For a first-world city in a prosperous area, San Francisco has a curiously large number of crises. The crime, homelessness, and unaffordability are much discussed, but the more fundamental crisis is little noticed: adult literacy.
It’s not that San Franciscans in the main can’t read, just that they don’t.
In a way, that’s a good thing. It creates jobs. Perhaps one for Bilal Mahmood, the latest state assembly candidate banking on San Franciscans’ tolerance for fog.
But no one—certainly not the progressives he’s courting—seems pleased with the outcomes the city is achieving. I don’t doubt for a moment the sincerity of their concern over the social problems around them, so their reading deficit is a great puzzle and a great tragedy.
Another honest politician
In one way or another, people are always telling you what’s on their mind. Mr. Mahmood is an open book, but one you have to read closely.
He’s promising change and bold action. Change, though, is the least bold word a progressive politician could choose. Certainly it’s not an accident; he’s trying to draft behind whatever hopes you invested in all those politicians before. When he says change, he’s telling you “I’m just like all the others.”
When he says bold, he doesn’t mean MAGA-hat-in-the-Haight bold, but precisely the opposite: he’s doing his best to get assimilated into California’s progressive machine and champion the same platform they’ve had for decades. No boldness will be asked.
So is he lying? Or are his real intentions easy to read?
Here are two conjoinings of a policy word and a feel-good word. Economic growth would be a measurable outcome, but instead he’s offering economic equity. What does that mean?
Many people worry about temperatures and seas rising, so climate stabilization might be an attractive goal, but what does climate justice mean exactly? And what does now mean? He credentials himself an Obama Administration policy wonk, so he knows policies take time to negotiate and work, and he’s not in office yet. Whatever he means by now, it’s not the meaning we’re familiar with.
What do words mean when they don’t mean anything? You can’t achieve a goal you can’t define, so he’s telling you to not to expect any particular results. Money will be spent, urgent speeches made, and when the problems get worse, even more money and even more urgent speeches.
Ending Homelessness
We’ve heard a lot and spent a lot on homelessness over the past few decades, so how do you choose a politician who will make a difference? Read their words:
If you overlook Bilal’s “chronic” qualifier, get to his optimistic claim that his bold idea already worked in 17 cities and stop reading, you’re doing it wrong. He goes on to suggest that dedicated counselors and—what, tracking devices?—will end homelessness. He probably wanted you to stop reading before that part.
Click through to the fine print on the community solutions site he links to, and you’ll find more words that bear close reading.
I don’t know if “measurably and equitably ending homelessness” is better or worse than simply “ending homelessness,” but they don’t sound quite the same. If SF’s homelessness ended, it would be easily measurable by anyone walking a few blocks. Why the emphasis on “Built For” Zero? It will become clear.

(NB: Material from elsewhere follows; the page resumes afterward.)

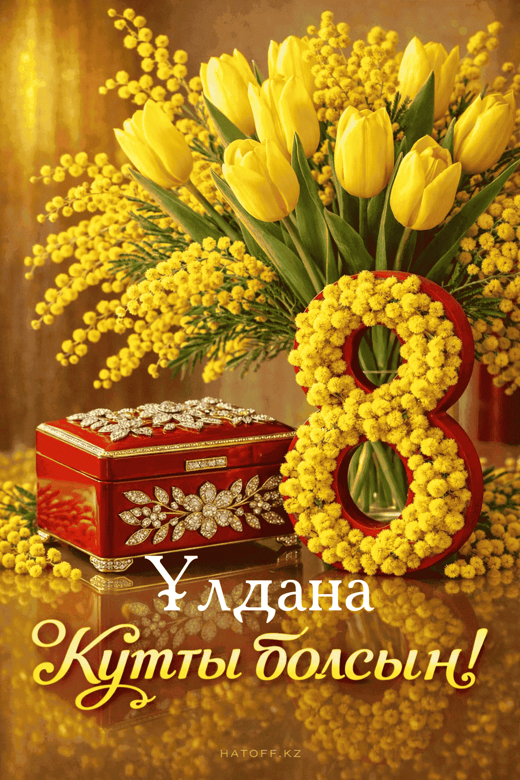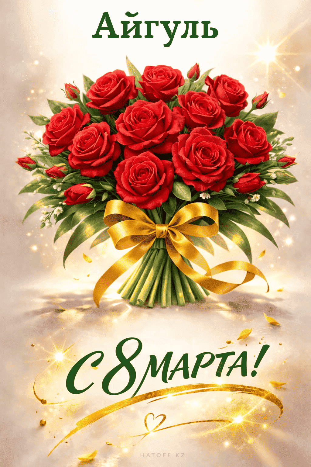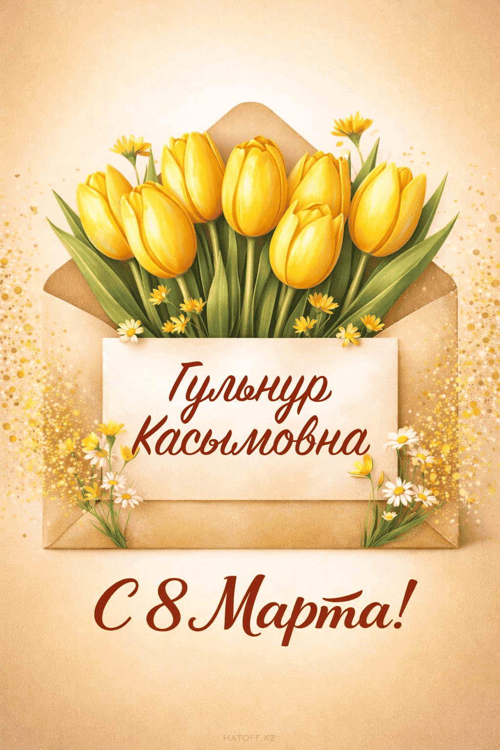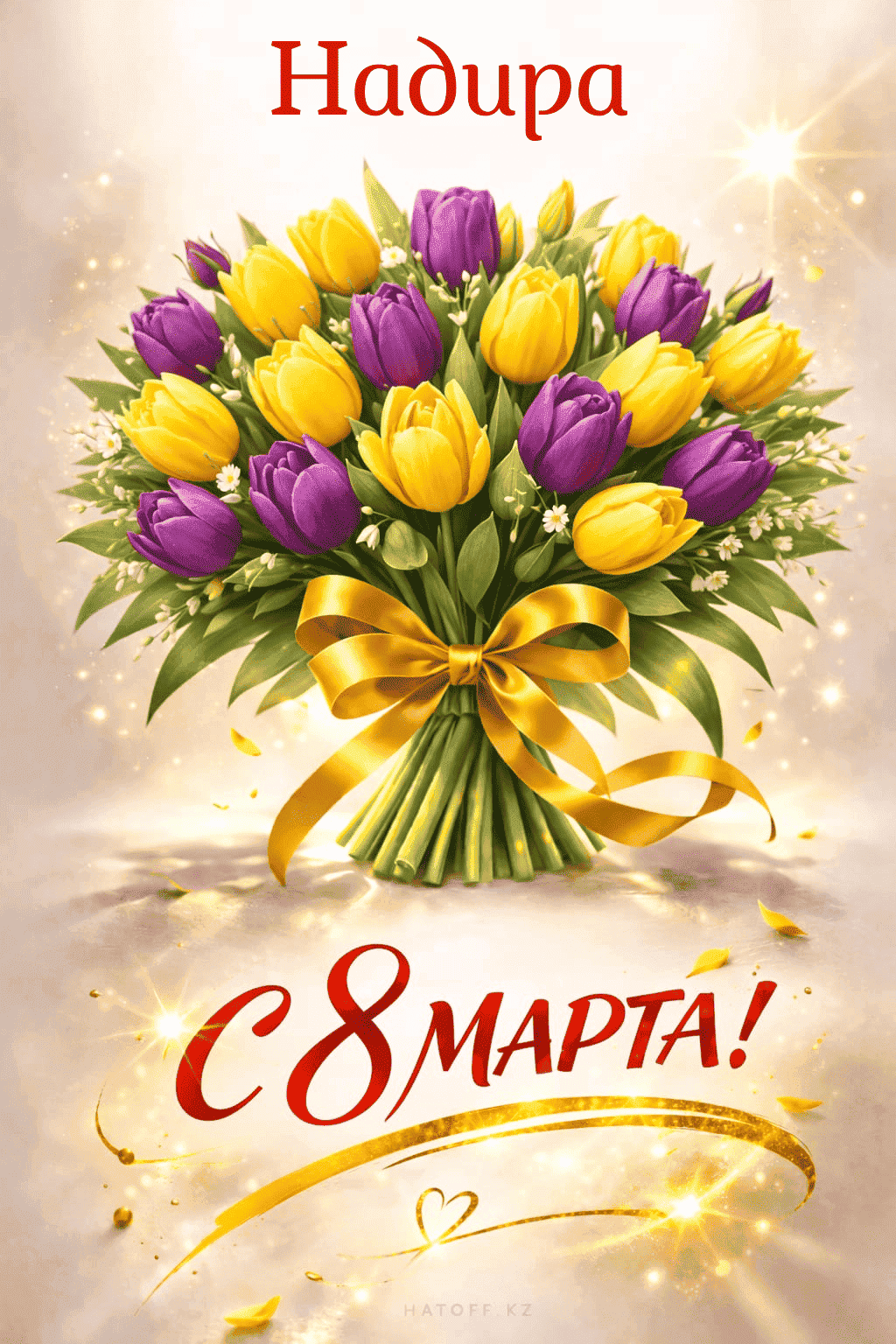 Скачивайте в Галерею и отправляйте сколько угодно раз, или поделитесь через WhatsApp / Telegram — от имени hatoff.kz с вашей подписью.

If you read further, you’ll meet even more curious qualifiers and redefinitions. By “zero” they mean “functional zero,” by which they mean “an ongoing state where homelessness is continually rare and brief.” Words that mean, well, anything they say they mean.
If you haven’t gleaned their overall message yet, they’re saying they have no expectation of ending homelessness in the qualitative sense of citizens finding sidewalks clear and clean. But they are hoping to dent some bits of it and trying to sell a bureaucratic definition of success. Next year they will report how their amazing success (or their devastating setback) highlights the need for a bigger budget.

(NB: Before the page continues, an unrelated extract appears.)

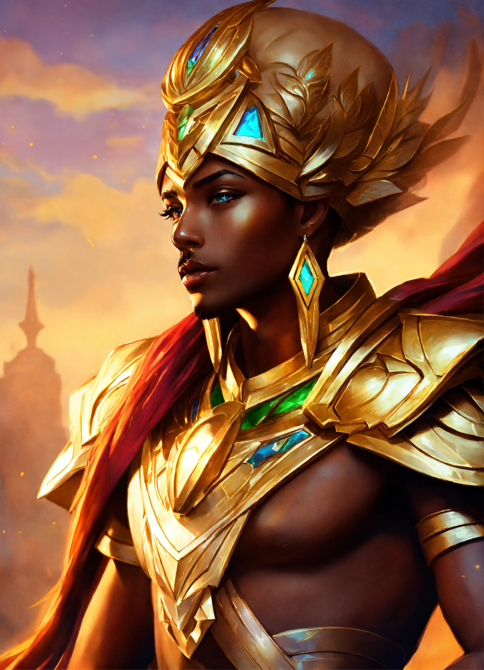 Ethiopian azir from league of legends, hyperrealistic, shiny, glossy, shadowed lighting, featured on vogue

I read San Francisco’s existing homeless strategy, which likewise focuses on growing the city bureaucracy and building “systems” to enable swelling social services agencies to coordinate better. The city bureaucracy itself is of course the only thing City Hall controls, so it’s no surprise that building it and improving it is the major theme of both SF’s plan and the community solutions mission statement.
It’s also not surprising that they frame program success around improving their systems, rather than results. Even the people who wrote SF’s plan apparently didn’t expect much Change in homelessness, at least not for the better, and they certainly didn’t get it. Pre-pandemic homeless counts had already revealed their projections of success were just telling City Hall what it wanted to hear.

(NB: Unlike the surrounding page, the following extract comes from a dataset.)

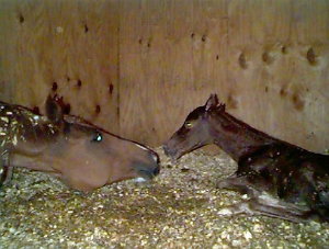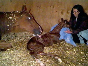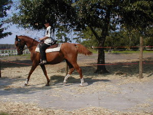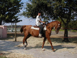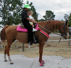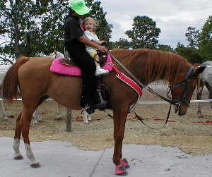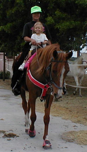Photographed here at the end of a trail ride with owner Lona Smith and her 2 year old daughter Lona Alida Marie. Amberly is a proud mother of a MORAB filly named AMBER'S PHONIX who was sired by RUDDELL'S SHADOW. Bred back to RUDDELL'S FLASH for a Morab foal in 2002. This new foal will be a Sabino. UPDATE: AMBERLY & RUDDELL'S FLASH gave us a Sabino Chestnut Colt on Feb. 14, 2002.

Bilal’s “Bold Idea” is essentially the same as San Francisco’s existing plan, right down to presenting itself as a “call to action” and a “radical transformation.” He’s telling you what you want to hear.
It is pure homelessness theater.
Do you want a liveable city with good public services, or more theater?
San Franciscans keep claiming they want the first, then voting for the second.
To compound the paradox, politicians keep telling us they’re going to provide only theater.
All you have to do is read the words they’re using. Reflect on what those words really mean. Do they mean anything at all? Are they euphemisms like bold or change that are contradicted by the candidate’s actions?
What is the candidate saying about you when he dodges important issues with platitudes? That he reckons you’re too thick to notice? Or that you’re only pretending to care much about homelessness, so he’ll only pretend to be able to solve it?